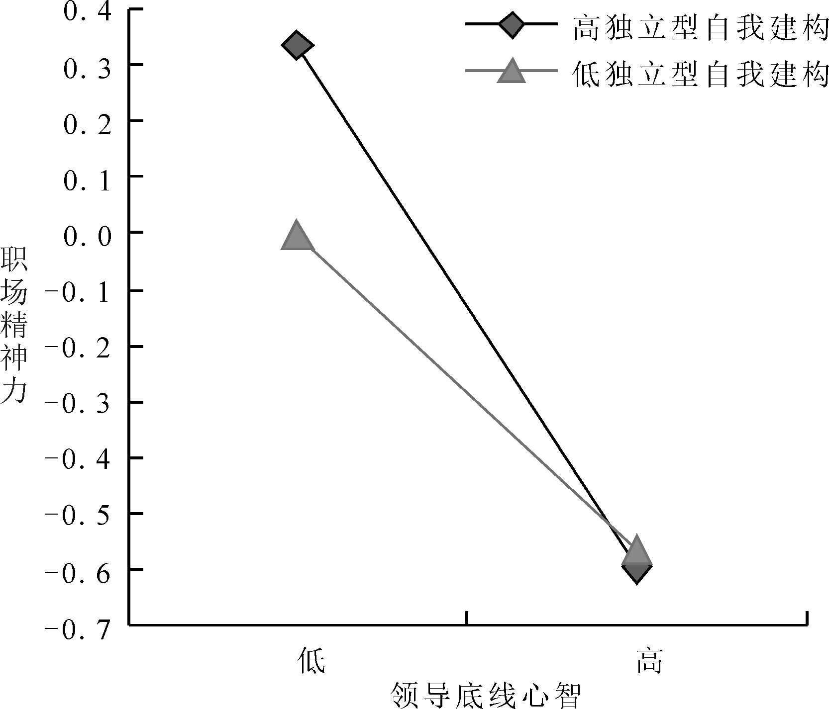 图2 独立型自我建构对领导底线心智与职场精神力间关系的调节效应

========================================================================

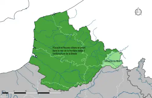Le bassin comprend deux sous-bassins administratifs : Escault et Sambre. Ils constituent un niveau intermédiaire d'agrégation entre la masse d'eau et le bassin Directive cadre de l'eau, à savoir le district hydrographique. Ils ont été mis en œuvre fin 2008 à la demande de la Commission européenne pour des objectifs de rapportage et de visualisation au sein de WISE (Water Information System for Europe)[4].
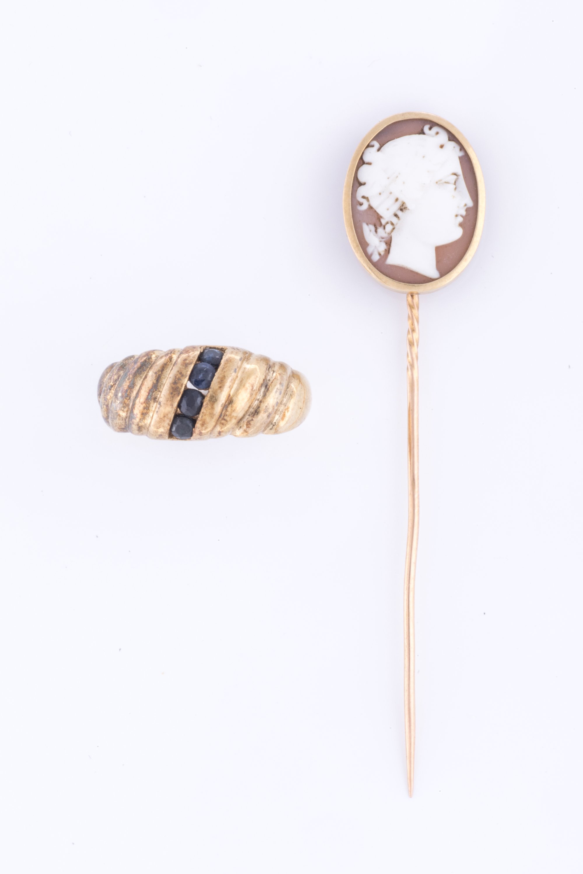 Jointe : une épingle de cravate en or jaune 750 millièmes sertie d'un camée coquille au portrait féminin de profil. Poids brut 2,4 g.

========================================================================

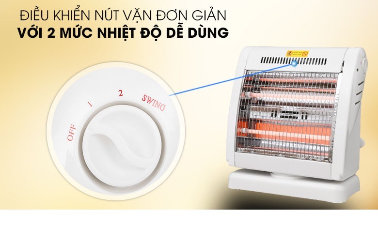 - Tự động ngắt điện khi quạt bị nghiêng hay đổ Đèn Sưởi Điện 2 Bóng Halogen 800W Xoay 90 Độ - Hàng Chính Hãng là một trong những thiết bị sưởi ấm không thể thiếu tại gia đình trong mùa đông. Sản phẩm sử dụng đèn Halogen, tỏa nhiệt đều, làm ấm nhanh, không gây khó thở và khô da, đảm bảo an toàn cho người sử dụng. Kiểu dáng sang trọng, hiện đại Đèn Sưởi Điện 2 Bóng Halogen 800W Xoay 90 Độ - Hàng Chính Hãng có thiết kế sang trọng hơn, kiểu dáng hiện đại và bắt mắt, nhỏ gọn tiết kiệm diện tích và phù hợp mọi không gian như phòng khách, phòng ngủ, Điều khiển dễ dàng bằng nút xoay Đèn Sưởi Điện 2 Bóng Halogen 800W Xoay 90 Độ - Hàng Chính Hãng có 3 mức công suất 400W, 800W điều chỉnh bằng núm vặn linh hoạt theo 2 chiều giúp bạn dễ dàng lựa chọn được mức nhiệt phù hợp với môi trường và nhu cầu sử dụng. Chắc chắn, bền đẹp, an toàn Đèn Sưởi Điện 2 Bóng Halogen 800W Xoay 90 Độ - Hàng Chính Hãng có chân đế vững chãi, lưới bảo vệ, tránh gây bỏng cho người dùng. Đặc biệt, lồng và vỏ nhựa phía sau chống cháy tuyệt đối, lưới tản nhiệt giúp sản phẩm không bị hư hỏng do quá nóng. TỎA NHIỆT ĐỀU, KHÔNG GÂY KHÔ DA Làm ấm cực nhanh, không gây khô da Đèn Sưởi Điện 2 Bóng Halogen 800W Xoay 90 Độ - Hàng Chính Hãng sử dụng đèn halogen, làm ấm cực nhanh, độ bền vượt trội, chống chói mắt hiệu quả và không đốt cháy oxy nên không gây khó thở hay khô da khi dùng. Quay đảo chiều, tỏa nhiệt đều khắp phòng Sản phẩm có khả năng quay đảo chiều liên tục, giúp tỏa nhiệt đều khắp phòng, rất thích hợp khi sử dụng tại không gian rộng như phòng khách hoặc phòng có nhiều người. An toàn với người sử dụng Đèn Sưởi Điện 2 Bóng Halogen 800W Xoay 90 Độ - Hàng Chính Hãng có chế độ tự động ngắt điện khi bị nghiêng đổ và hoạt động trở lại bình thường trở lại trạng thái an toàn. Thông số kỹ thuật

========================================================================

■ **Task to carry out**
Look above for the line with "Le bassin comprend" and the line with "Jointe : une épingle", then restate exactly those two lines and all lines between them, with no pictures.

■ **Written solution**
Le bassin comprend deux sous-bassins administratifs : Escault et Sambre. Ils constituent un niveau intermédiaire d'agrégation entre la masse d'eau et le bassin Directive cadre de l'eau, à savoir le district hydrographique. Ils ont été mis en œuvre fin 2008 à la demande de la Commission européenne pour des objectifs de rapportage et de visualisation au sein de WISE (Water Information System for Europe)[4].
 Jointe : une épingle de cravate en or jaune 750 millièmes sertie d'un camée coquille au portrait féminin de profil. Poids brut 2,4 g.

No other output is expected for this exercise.